-- Task material --
'''

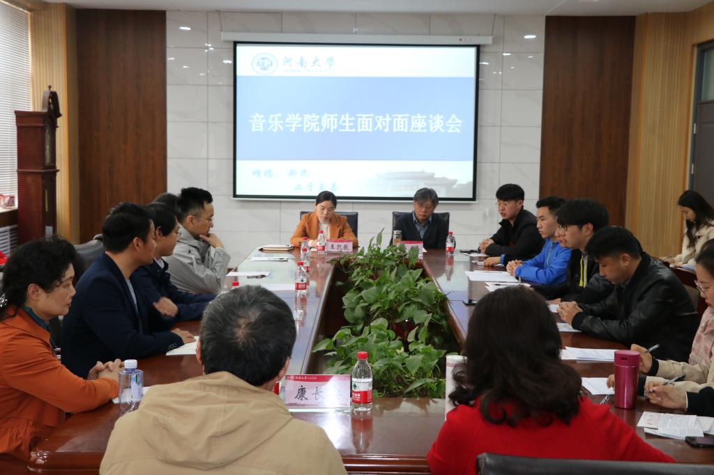 在新艺术楼一楼会议室举行 以“沟通•释惑•解忧•提升”为主题的师生“面对面”座谈会。全体学院领导、各系主任、辅导员以及各年级本科生、研究生代表参加本次会议
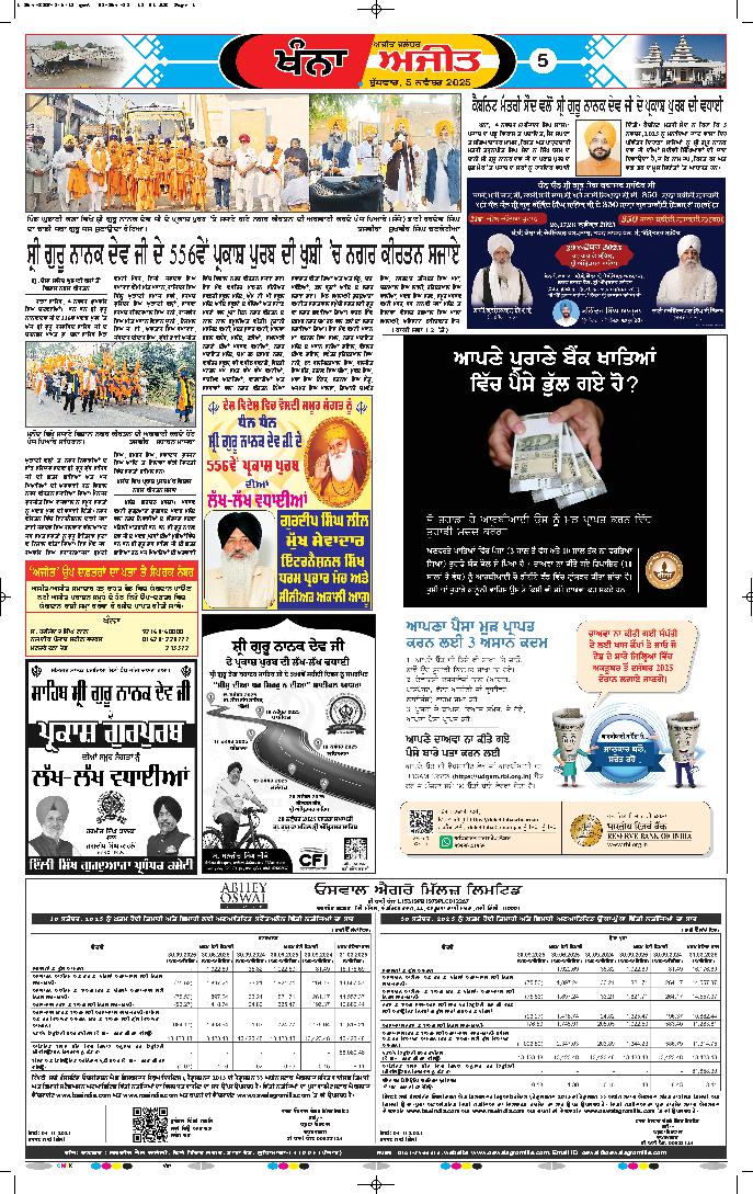 ਸ਼ਰਧਾ ਭਾਵਨਾ ਨਾਲ ਮਨਾਇਆ ਸ੍ਰੀ ਗੁਰੂ ਨਾਨਕ ਦੇਵ ਜੀ ਦਾ 556ਵਾਂ ਪ੍ਰਕਾਸ਼ ਪੁਰਬ
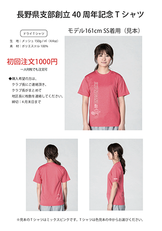 | 2023年3月23日 | 長野県支部創立40周年記念Tシャツ販売します!! ● 金額 初回 1,000円 ● カラー8色 ※購入希望枚数とサイズを各地区長さんがまとめてご連絡をお願いします。 ↓クリックしてください ![]() |
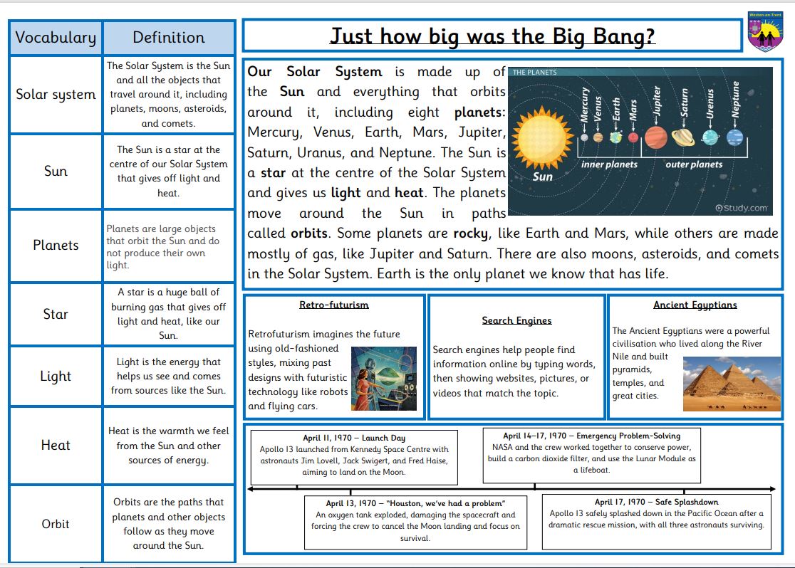 Please see the knowledge organiser for this term. 'Just how big was the Big Bang?'
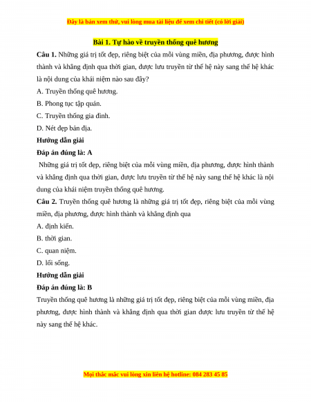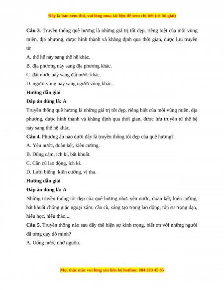Câu 3. Truyền thống quê hương là những giá trị tốt đẹp, riêng biệt của mỗi vùng
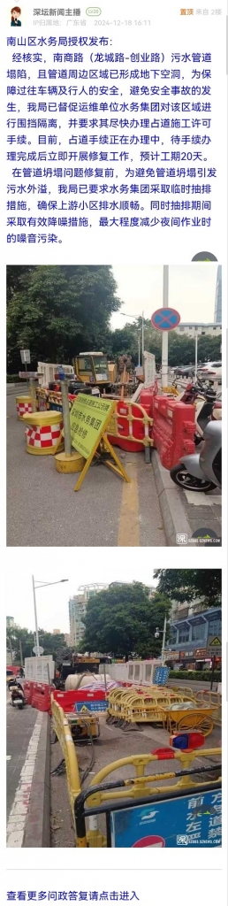 经核实,南商路(龙城路-创业路)污水管道塌陷,且管道周边区域已形成地下空洞,为保障过往车辆及行人的安全,避免安全事故的发生,我局已督促运维单位水务集团对该区域进行围挡隔离,并要求其尽快办理占道施工许可手续。目前,占道手续正在办理中,待手续办理完成后立即开展修复工作,预计工期20天。在管道坍塌问题修复前,为避免管道坍塌引发污水外溢,我局已要求水务集团采取临时抽排措施,确保上游小区排水顺畅。同时抽排期间采取有效降噪措施,最大程度减少夜间作业时的噪音污染。

'''

-- Your objective --
Each record above should be copied character for character, with pictures dropped.

-- Answer --
 在新艺术楼一楼会议室举行 以“沟通•释惑•解忧•提升”为主题的师生“面对面”座谈会。全体学院领导、各系主任、辅导员以及各年级本科生、研究生代表参加本次会议
 ਸ਼ਰਧਾ ਭਾਵਨਾ ਨਾਲ ਮਨਾਇਆ ਸ੍ਰੀ ਗੁਰੂ ਨਾਨਕ ਦੇਵ ਜੀ ਦਾ 556ਵਾਂ ਪ੍ਰਕਾਸ਼ ਪੁਰਬ
 | 2023年3月23日 | 長野県支部創立40周年記念Tシャツ販売します!! ● 金額 初回 1,000円 ● カラー8色 ※購入希望枚数とサイズを各地区長さんがまとめてご連絡をお願いします。 ↓クリックしてください ![]() |
 Please see the knowledge organiser for this term. 'Just how big was the Big Bang?'
Câu 3. Truyền thống quê hương là những giá trị tốt đẹp, riêng biệt của mỗi vùng
 经核实,南商路(龙城路-创业路)污水管道塌陷,且管道周边区域已形成地下空洞,为保障过往车辆及行人的安全,避免安全事故的发生,我局已督促运维单位水务集团对该区域进行围挡隔离,并要求其尽快办理占道施工许可手续。目前,占道手续正在办理中,待手续办理完成后立即开展修复工作,预计工期20天。在管道坍塌问题修复前,为避免管道坍塌引发污水外溢,我局已要求水务集团采取临时抽排措施,确保上游小区排水顺畅。同时抽排期间采取有效降噪措施,最大程度减少夜间作业时的噪音污染。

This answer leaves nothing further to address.